To summarize - when the trawler capsized on Bo Faskadale, a cyclist spotted her and made a 999 call, from all accounts his reporting was good and his information and that of his local landlady was very accurate. The call went to Clyde who tasked a helicopter from Renfrew, after a short while they had worked out that the casualty was just north of Ardnamurchan so they then passed the responsibilty to Stornaway with the information that the helicopter was taking off. Someone else in Clyde then decided to stand down the Renfrew helicopter but they neglected to advise Stornaway. so theirs was not tasked immediately. The survivor managed to make contact with the other three crew in the water and secured some of them with twine to floating planks before swimming for shore, after about an hour his shout was heard by the single handed yachtsman in Arran Comrade and he was rescued. The yachtman had heard the coastguard vhf announcement but did not pick up the location so had no idea he was close to the scene, the message was not repeated, and the usual 'silence' was not called for, so normal vhf chatter was continuing. Stornaway had later realized that the Clyde helicopter was not coming so then sent their own as well as the lifeboats etc.
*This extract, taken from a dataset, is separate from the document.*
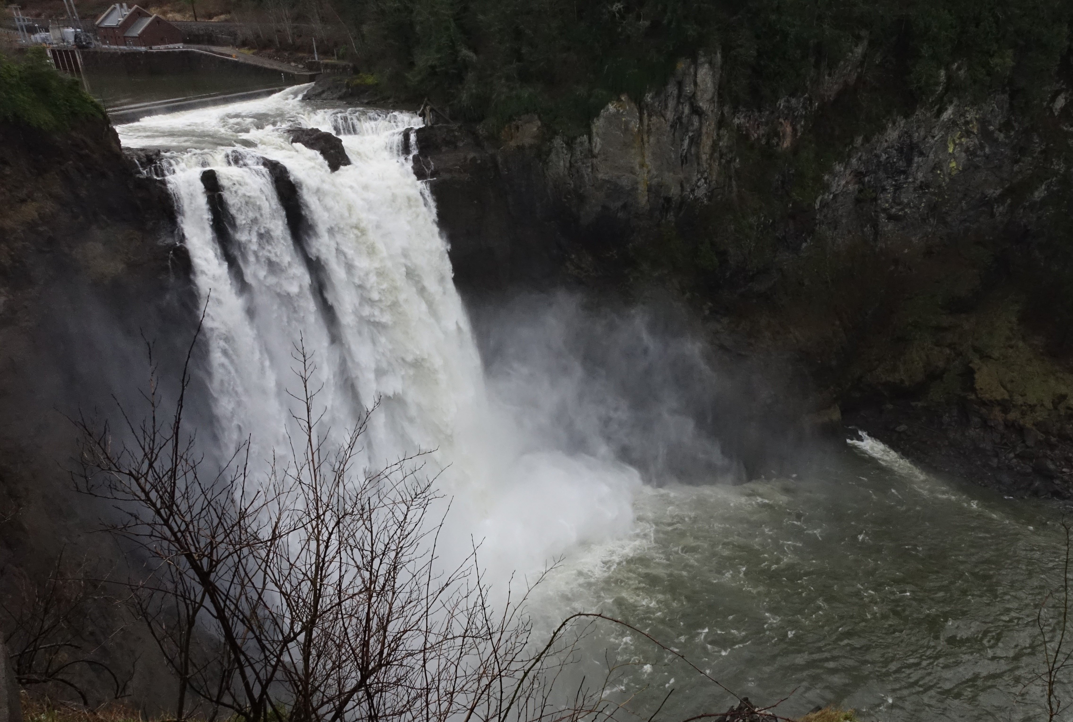 The day before the snow arrived – it seems so long ago – we went to Snoqualmie Falls, one of our favorite local attractions. The Falls are an easy drive from Seattle and a place to wow your out-of-town guests. Or to celebrate a special event like I did with brunch when I graduated from college. Or to impress your date with a fancy dinner as Bob did me so many years ago.

The delay arising is claimed to be only 20 minutes and the report said it had no bearing on the outcome.
HOWEVER, The crew were all in the water, not trapped in the boat and the actions of the shore witness and the survivor were impressive, the professionals managed to foul up on two counts, the chopper and vhf silence, the reason why they say it did not affect the outcome was the long distance to fly from either station, but it was summer though the water would still have been cold.
I suspect that a single station with better trained personnel might do better, no matter how far away it was.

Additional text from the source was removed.